▶ **Records provided**:
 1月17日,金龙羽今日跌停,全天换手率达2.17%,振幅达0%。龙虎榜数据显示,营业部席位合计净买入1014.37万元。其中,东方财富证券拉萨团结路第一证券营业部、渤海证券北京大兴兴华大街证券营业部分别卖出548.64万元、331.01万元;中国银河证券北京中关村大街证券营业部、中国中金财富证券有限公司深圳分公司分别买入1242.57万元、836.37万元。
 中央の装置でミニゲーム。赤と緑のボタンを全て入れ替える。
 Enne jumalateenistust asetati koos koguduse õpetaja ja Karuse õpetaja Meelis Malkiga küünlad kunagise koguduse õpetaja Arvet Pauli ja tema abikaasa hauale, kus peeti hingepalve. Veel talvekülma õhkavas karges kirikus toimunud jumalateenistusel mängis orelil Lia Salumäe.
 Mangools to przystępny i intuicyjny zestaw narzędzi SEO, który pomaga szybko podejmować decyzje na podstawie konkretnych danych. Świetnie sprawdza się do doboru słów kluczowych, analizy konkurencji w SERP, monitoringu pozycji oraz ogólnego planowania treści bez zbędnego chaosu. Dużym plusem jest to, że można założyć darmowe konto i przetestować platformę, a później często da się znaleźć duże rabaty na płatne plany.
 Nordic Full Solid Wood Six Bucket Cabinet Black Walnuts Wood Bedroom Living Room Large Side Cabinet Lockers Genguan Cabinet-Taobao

--

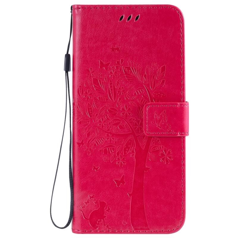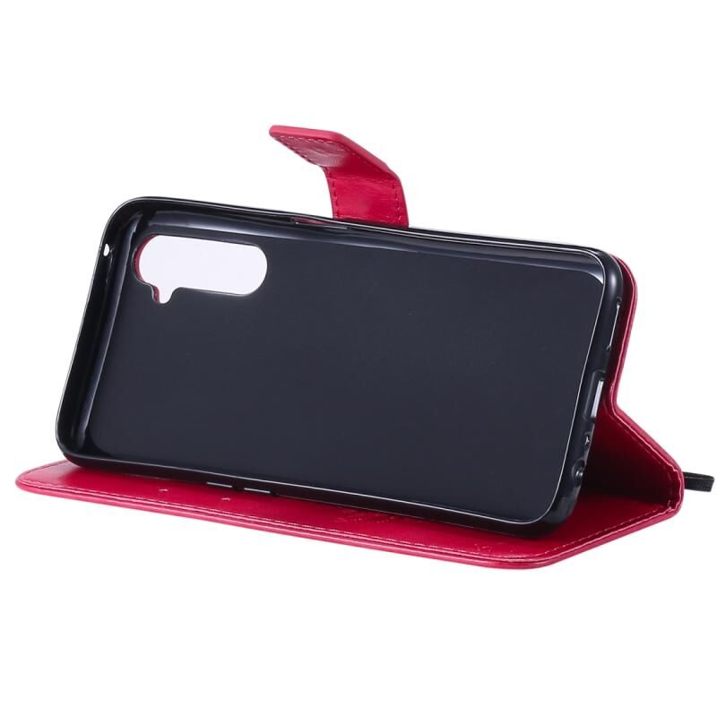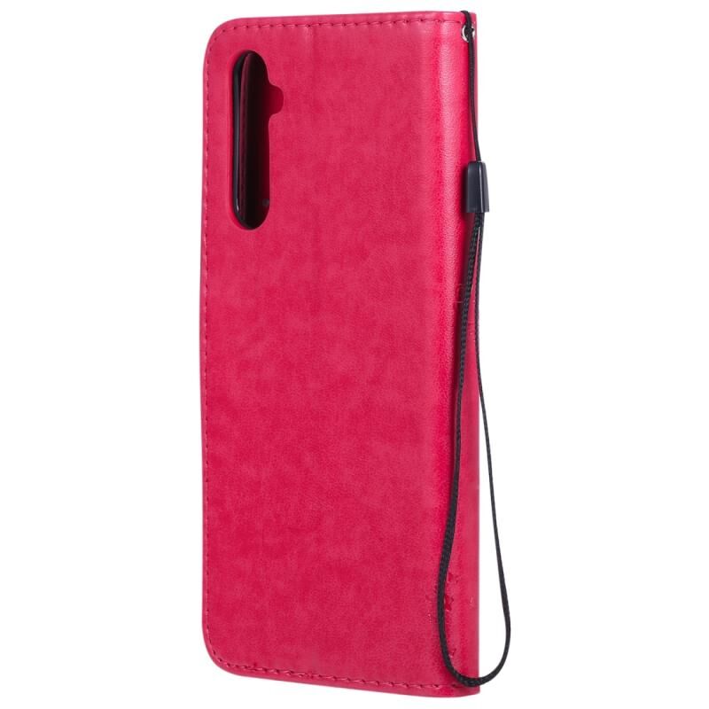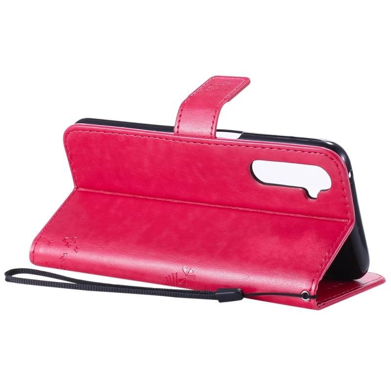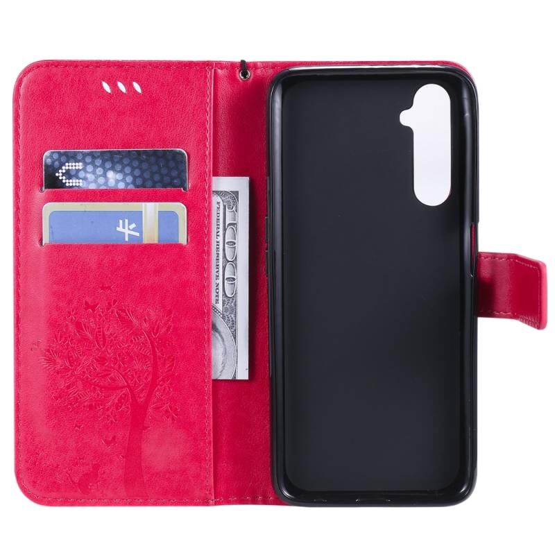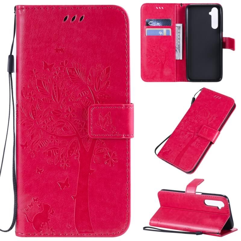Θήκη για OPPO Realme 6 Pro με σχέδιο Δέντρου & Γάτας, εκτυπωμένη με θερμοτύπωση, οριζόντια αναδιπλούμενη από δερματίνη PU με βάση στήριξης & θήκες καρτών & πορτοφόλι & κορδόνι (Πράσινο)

▶ **What the task requires**: Look above for the line with "1月17日,金龙羽今日跌停,全天换手率达" and the line with "Mangools to przystępny"; transcribe both and all lines in between, exactly, and nothing else.

▶ **Result**:
 1月17日,金龙羽今日跌停,全天换手率达2.17%,振幅达0%。龙虎榜数据显示,营业部席位合计净买入1014.37万元。其中,东方财富证券拉萨团结路第一证券营业部、渤海证券北京大兴兴华大街证券营业部分别卖出548.64万元、331.01万元;中国银河证券北京中关村大街证券营业部、中国中金财富证券有限公司深圳分公司分别买入1242.57万元、836.37万元。
 中央の装置でミニゲーム。赤と緑のボタンを全て入れ替える。
 Enne jumalateenistust asetati koos koguduse õpetaja ja Karuse õpetaja Meelis Malkiga küünlad kunagise koguduse õpetaja Arvet Pauli ja tema abikaasa hauale, kus peeti hingepalve. Veel talvekülma õhkavas karges kirikus toimunud jumalateenistusel mängis orelil Lia Salumäe.
 Mangools to przystępny i intuicyjny zestaw narzędzi SEO, który pomaga szybko podejmować decyzje na podstawie konkretnych danych. Świetnie sprawdza się do doboru słów kluczowych, analizy konkurencji w SERP, monitoringu pozycji oraz ogólnego planowania treści bez zbędnego chaosu. Dużym plusem jest to, że można założyć darmowe konto i przetestować platformę, a później często da się znaleźć duże rabaty na płatne plany.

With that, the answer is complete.